#### Task description
Retype, exactly as they appear below, the lines between the line holding "JOHN TEXTOR ACUMULA" and the line holding "Herramientas de pesca, pala", both ends included.

** Opening Task inputs block **

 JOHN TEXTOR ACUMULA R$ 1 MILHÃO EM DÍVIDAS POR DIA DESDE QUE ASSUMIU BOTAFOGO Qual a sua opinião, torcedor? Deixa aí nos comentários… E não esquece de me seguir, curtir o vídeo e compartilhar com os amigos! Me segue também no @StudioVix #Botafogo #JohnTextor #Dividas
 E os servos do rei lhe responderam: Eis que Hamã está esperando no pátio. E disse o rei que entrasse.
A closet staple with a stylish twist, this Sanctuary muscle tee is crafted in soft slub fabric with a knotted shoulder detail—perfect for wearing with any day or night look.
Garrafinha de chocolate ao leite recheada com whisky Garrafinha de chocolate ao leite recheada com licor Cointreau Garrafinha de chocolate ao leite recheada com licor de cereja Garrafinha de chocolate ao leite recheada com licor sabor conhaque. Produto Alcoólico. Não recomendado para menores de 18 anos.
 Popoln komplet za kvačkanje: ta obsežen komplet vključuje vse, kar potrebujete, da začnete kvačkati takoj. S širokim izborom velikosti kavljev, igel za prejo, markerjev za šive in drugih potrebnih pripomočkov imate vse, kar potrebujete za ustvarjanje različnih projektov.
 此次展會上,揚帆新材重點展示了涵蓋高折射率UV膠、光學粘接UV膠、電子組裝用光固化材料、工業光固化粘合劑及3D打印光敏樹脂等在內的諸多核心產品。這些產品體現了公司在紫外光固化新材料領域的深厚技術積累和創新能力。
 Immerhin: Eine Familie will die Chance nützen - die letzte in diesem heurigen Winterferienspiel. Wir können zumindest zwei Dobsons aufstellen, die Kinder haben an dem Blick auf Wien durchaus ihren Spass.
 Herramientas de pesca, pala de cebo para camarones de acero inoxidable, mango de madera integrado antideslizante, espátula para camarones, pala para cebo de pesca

** Closing Task inputs block **
** Opening Task inputs block **

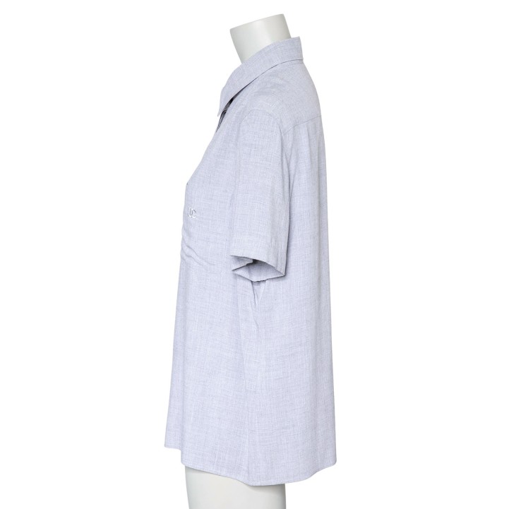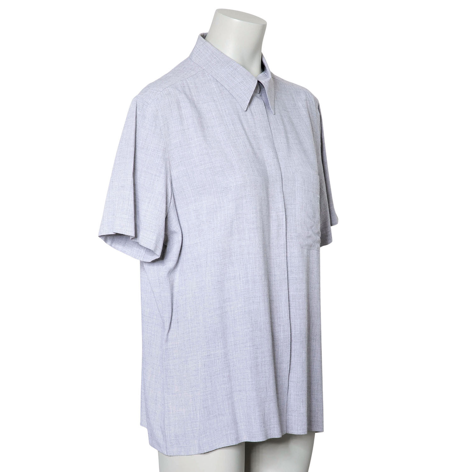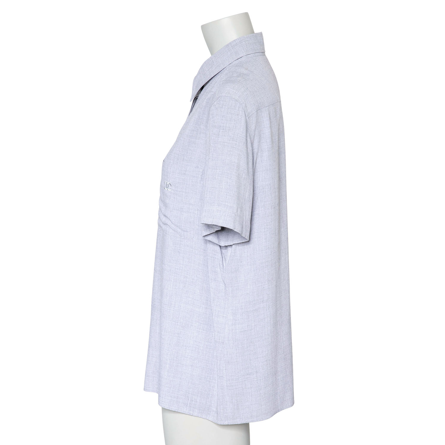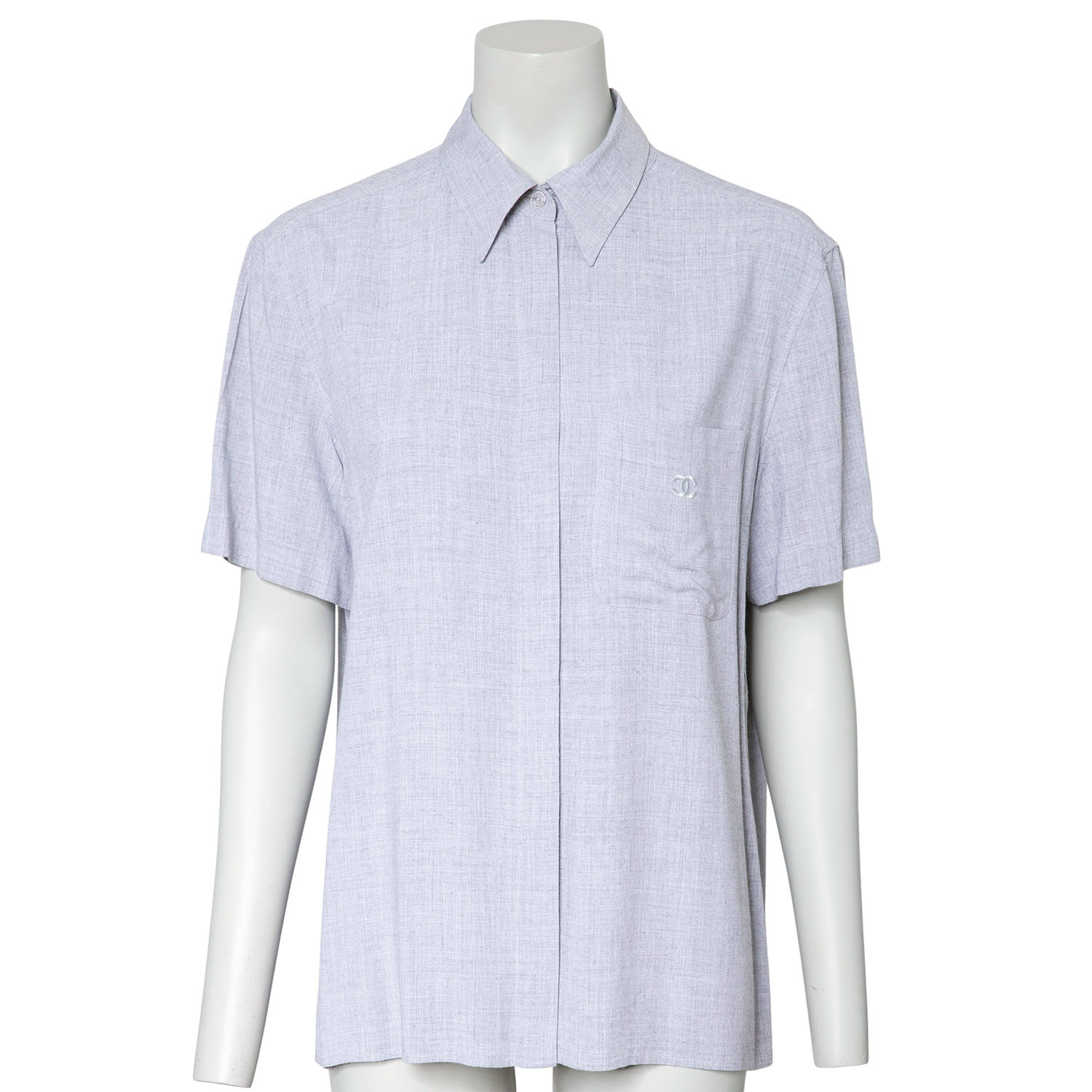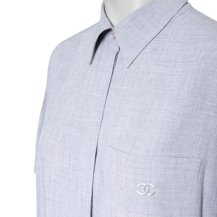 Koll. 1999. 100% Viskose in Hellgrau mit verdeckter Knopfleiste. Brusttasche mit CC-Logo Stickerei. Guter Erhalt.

** Closing Task inputs block **
** Opening Task inputs block **

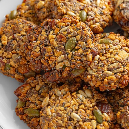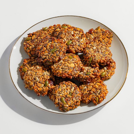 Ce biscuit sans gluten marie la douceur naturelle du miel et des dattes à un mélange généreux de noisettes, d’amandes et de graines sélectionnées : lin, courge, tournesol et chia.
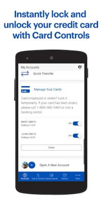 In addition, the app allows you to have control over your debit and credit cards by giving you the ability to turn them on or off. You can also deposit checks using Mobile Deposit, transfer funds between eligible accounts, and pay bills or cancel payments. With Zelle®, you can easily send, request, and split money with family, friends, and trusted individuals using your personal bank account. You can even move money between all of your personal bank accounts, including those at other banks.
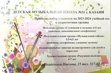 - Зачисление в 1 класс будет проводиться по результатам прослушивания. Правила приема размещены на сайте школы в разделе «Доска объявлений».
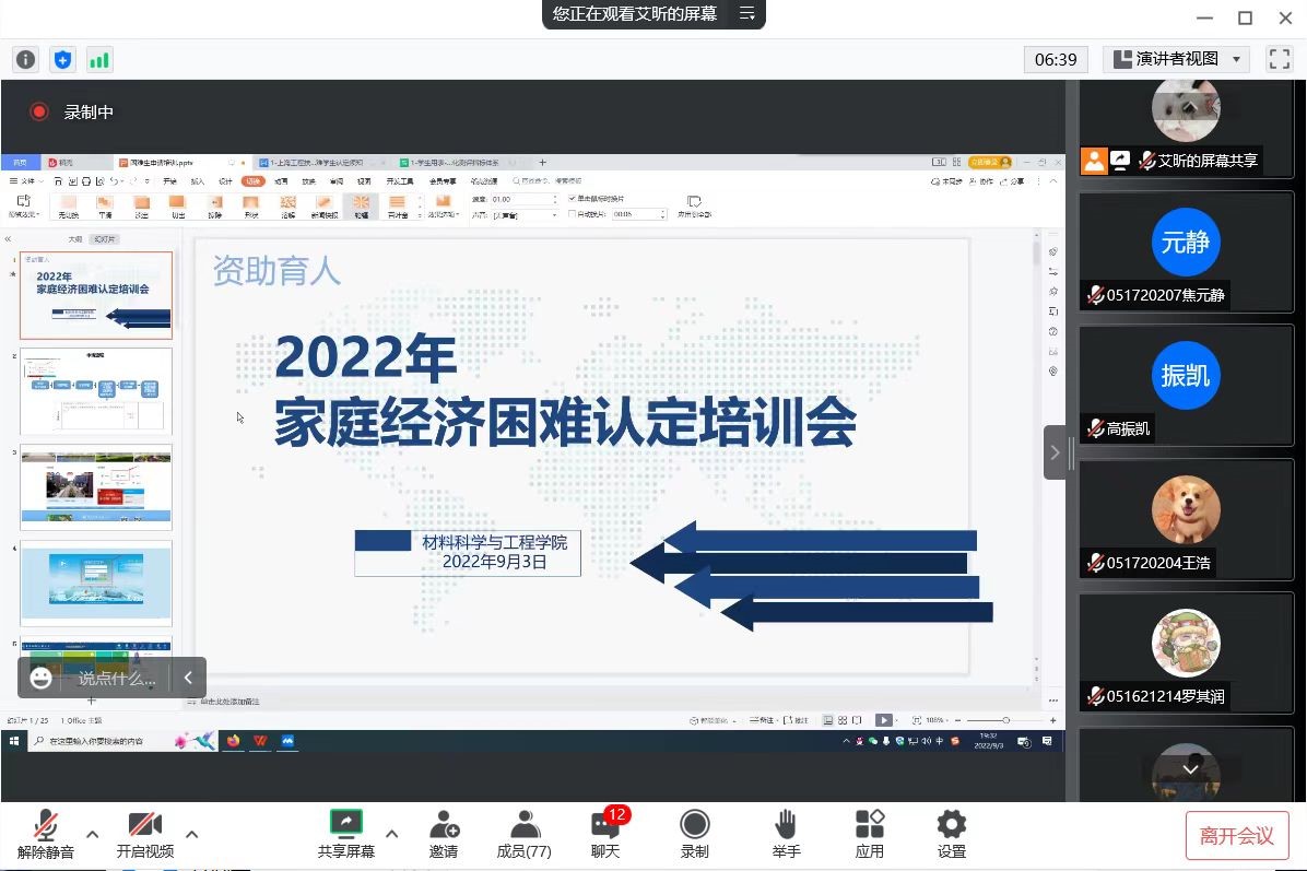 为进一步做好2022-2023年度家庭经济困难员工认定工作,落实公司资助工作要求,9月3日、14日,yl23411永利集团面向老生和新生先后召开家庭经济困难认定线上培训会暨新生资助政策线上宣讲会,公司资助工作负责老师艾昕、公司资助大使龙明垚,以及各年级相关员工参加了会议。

** Closing Task inputs block **

#### Response area
 JOHN TEXTOR ACUMULA R$ 1 MILHÃO EM DÍVIDAS POR DIA DESDE QUE ASSUMIU BOTAFOGO Qual a sua opinião, torcedor? Deixa aí nos comentários… E não esquece de me seguir, curtir o vídeo e compartilhar com os amigos! Me segue também no @StudioVix #Botafogo #JohnTextor #Dividas
 E os servos do rei lhe responderam: Eis que Hamã está esperando no pátio. E disse o rei que entrasse.
A closet staple with a stylish twist, this Sanctuary muscle tee is crafted in soft slub fabric with a knotted shoulder detail—perfect for wearing with any day or night look.
Garrafinha de chocolate ao leite recheada com whisky Garrafinha de chocolate ao leite recheada com licor Cointreau Garrafinha de chocolate ao leite recheada com licor de cereja Garrafinha de chocolate ao leite recheada com licor sabor conhaque. Produto Alcoólico. Não recomendado para menores de 18 anos.
 Popoln komplet za kvačkanje: ta obsežen komplet vključuje vse, kar potrebujete, da začnete kvačkati takoj. S širokim izborom velikosti kavljev, igel za prejo, markerjev za šive in drugih potrebnih pripomočkov imate vse, kar potrebujete za ustvarjanje različnih projektov.
 此次展會上,揚帆新材重點展示了涵蓋高折射率UV膠、光學粘接UV膠、電子組裝用光固化材料、工業光固化粘合劑及3D打印光敏樹脂等在內的諸多核心產品。這些產品體現了公司在紫外光固化新材料領域的深厚技術積累和創新能力。
 Immerhin: Eine Familie will die Chance nützen - die letzte in diesem heurigen Winterferienspiel. Wir können zumindest zwei Dobsons aufstellen, die Kinder haben an dem Blick auf Wien durchaus ihren Spass.
 Herramientas de pesca, pala de cebo para camarones de acero inoxidable, mango de madera integrado antideslizante, espátula para camarones, pala para cebo de pesca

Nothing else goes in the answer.